L’Angola devra donc réussir un exercice particulièrement délicat : utiliser les revenus générés par cette nouvelle vague d’investissements pétroliers pour financer une diversification économique plus profonde.
Agriculture, industrie, infrastructures, transformation locale, énergie, numérique et services doivent progressivement prendre davantage de place dans l’économie nationale.
La question n’est donc pas de savoir si l’Angola doit encore investir dans son pétrole. Dans les prochaines années, le pétrole restera manifestement essentiel. La véritable question est plutôt de savoir ce que Luanda fera de cette nouvelle fenêtre de revenus et d’investissements.
Une nouvelle bataille pour la production africaine
L’annonce de TotalEnergies intervient également dans un contexte de concurrence croissante entre les grands producteurs africains pour attirer les capitaux internationaux.
Le Nigeria, l’Angola et plusieurs autres producteurs du continent cherchent à convaincre les compagnies internationales que leurs bassins pétroliers restent suffisamment rentables et compétitifs malgré les incertitudes liées à la transition énergétique.
Pour l’Angola, l’enjeu est particulièrement important.
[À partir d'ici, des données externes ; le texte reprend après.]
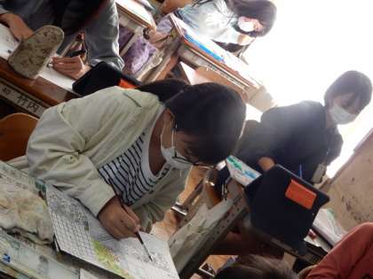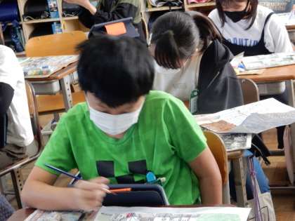 10/12(水) 6年生 公開日 2022/10/12 更新日 2022/10/12 6年生 図工です。岡田の街並書画写真展の作品の製作です。下描きが終わり、彩色に入りました。自分の出したい色を出すのに苦心しているようですが、着々と仕上がってきています。

Le pays doit démontrer que ses eaux profondes peuvent encore offrir des projets suffisamment attractifs pour justifier plusieurs milliards de dollars d’investissements.
Le pari de Luanda repose donc sur un cercle vertueux : réformes réglementaires → nouveaux investissements → nouvelles découvertes → maintien de la production → recettes publiques → diversification économique.
Si l’un des maillons de cette chaîne échoue, l’impact des investissements pourrait être beaucoup plus limité que prévu.
L’ANALYSE DE LACEMAC.INFO
Les 10 milliards de dollars annoncés par TotalEnergies et ses partenaires constituent incontestablement une bonne nouvelle pour l’Angola, mais leur véritable portée ne doit pas être mesurée uniquement à la taille du chiffre.
Ce qui est particulièrement intéressant, c’est la combinaison de plusieurs stratégies : développement de nouveaux champs, exploitation accélérée de petites découvertes, exploration de nouveaux blocs et utilisation de technologies d’intelligence artificielle.
Autrement dit, TotalEnergies ne mise pas sur un seul projet. Le groupe cherche à construire un écosystème pétrolier angolais capable de produire sur plusieurs horizons.
Pour Luanda, c’est une opportunité considérable. Mais c’est également une responsabilité.
L’Angola doit éviter de considérer ces 10 milliards de dollars comme une simple nouvelle injection de capitaux dans son secteur pétrolier. Le véritable enjeu sera de maximiser les retombées locales : emplois qualifiés, sous-traitance nationale, formation, infrastructures, fiscalité et développement de nouvelles compétences technologiques.
Le pays dispose aujourd’hui d’une fenêtre stratégique. Les grandes compagnies internationales sont encore prêtes à investir dans ses eaux profondes, les nouvelles technologies rendent l’exploration plus efficace et les infrastructures existantes permettent de réduire les coûts de certains développements.
Mais cette fenêtre ne restera pas ouverte indéfiniment.
L’Angola devra donc profiter de cette nouvelle vague d’investissements pour préparer l’après-pétrole plutôt que de repousser une nouvelle fois la question.
Vers un nouveau cycle pétrolier angolais ?
Avec Kaminho, Acacia-5, les nouveaux blocs d’exploration et les futurs projets annoncés, l’Angola pourrait entrer dans un nouveau cycle de développement de son industrie pétrolière.
Les 10 milliards de dollars annoncés sur cinq ans donnent à Luanda un signal fort : les grands investisseurs internationaux considèrent encore le potentiel angolais comme suffisamment important pour engager des capitaux massifs.
Reste maintenant à transformer cet intérêt en production durable, en emplois, en recettes publiques et surtout en développement économique.
Car pour l’Angola, le véritable succès ne sera pas simplement de produire davantage de pétrole.
Il sera de réussir à transformer les derniers grands investissements pétroliers en levier pour construire une économie capable de vivre au-delà du pétrole.